The keyword register specifies the value at i will be stored in memory register. register is a storage class, if data type is not mentioned after a storage class or qualifier by default it will be treated as int.

8.) void main()

{

            int i;

            char a[]="\0";

            if(printf("%s\n",a))

            printf("Ok here \n");

            else

            printf("Forget it\n");

}

Ans:

Ok here

Explanation:

  Printf returns the number of characters it successfully printed. Here printf prints one newline character hence the result.

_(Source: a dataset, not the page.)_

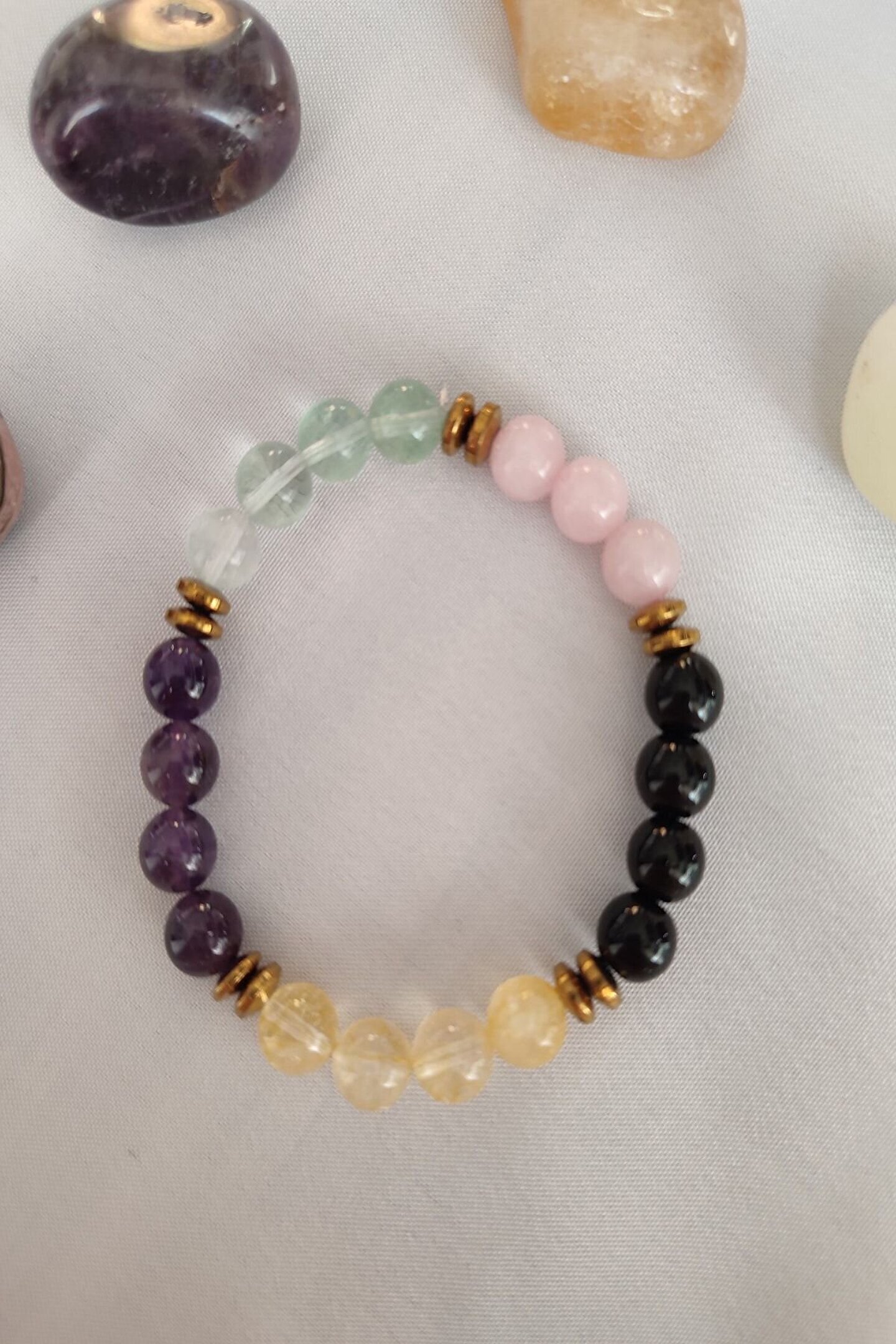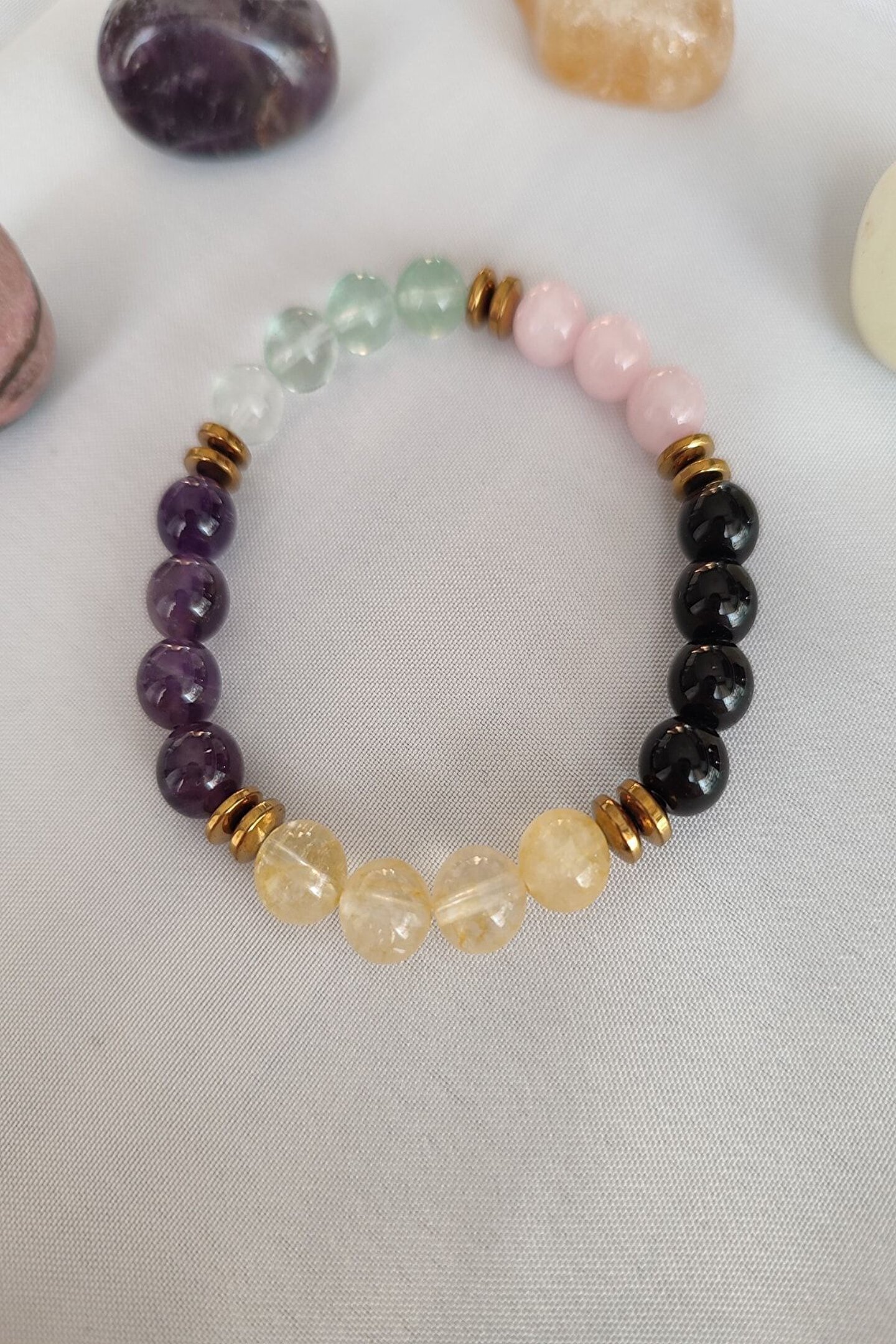 Doğal taş bileklik, şıklığınızı tamamlayacak zarif bir aksesuardır; Sertifikalı florit, ametist, sitrin, oniks ve pembe kuvars gibi değerli taşlarla süslenmiştir; Hem günlük kullanım hem de özel günler için ideal bir seçimdir; Hem estetik hem de enerji açısından zengin olan bu bileklik, stilinizi yansıtırken pozitif enerjiyi de beraberinde getirir; Hem kendiniz için hem de sevdiklerinize hediye olarak tercih edebileceğiniz eşsiz bir hediye seçeneğidir;

9. What is the output of the program given below

main()

    {

       signed char i=0;

       for(;i>=0;i++) ;

       printf("%d\n",i);

    }

Ans :

-128

Explanation:

Signed characters will take values from -128 to +127 in cyclic manner. Here first the value 0 is assigned to i then the i is continuously incremented in the increment section of the loop. When the value of i reaches 127, when it again incremented i will take value -128 and the test condition fails and loop terminates. Hence the result

10.) main()

      {

       char i=0;

       for(;i>=0;i++) ;

       printf("%d\n",i);

}

Ans :

 -128

Explanation:

Works in the same manner as above. Normally when no qualifiers are used by default data types are taken as signed.

11.) void main()

      {

      if(~0 == (unsigned int)-1)

      printf(“You can answer this if you know how values are represented in memory”);

      }

      Ans :

      you can answer this if you know how values are represented in memory.

      Explanation:

      As I mentioned in the previous questions variables will take values within its range in a cyclic manner. Unsigned int will take values between 0 to65535 and signed between -32768 to +32767. The unsigned equivalent of -1 is 1. Hence the result.

         

12. main()

{

int i = 3;

for (;i++=0;) printf(“%d”,i);

}

Ans :

L value required error.

Explanation:

 i++ will return athe value 3 and is impossible to assign a value to a constant.

13. main()

{

 int i=5,j=10;

i=i&=j&&10;

printf("%d %d",i,j);

}

Ans :

 1 10

Explanation:

i=i&=j&&10; statement will be expanded as i=i=i&j&&10; hence the result.

14.)

#define DIM( array, type) sizeof(array)/sizeof(type)

main()

{

int arr[10];

printf(“The dimension of the array is %d”, DIM(arr, int));   

}

Ans:

10

Explanation:

Preprocessor will expand the macro as sizeof(arr)/sizeof(int) which is 20/2, hence the result.

15. int DIM(int array[])

{

return sizeof(array)/sizeof(int );

}

main()

{

int arr[10];

printf(“The dimension of the array is %d”, DIM(arr));   

}

Ans:

The  dimension of the array is 1

Explanation:

An array can be passed to a function only as a pointer and size of pointer is always 2 hence the result.

16. #define max 5

     #define int arr1[max]

      main()

     {

     typedef char arr2[max];

     arr1 list={0,1,2,3,4};

     arr2 name="name";

     printf("%d %s",list[0],name);

            }

Ans:

Error

Explanation:

Arr1 and arr2 is not defined anywhere.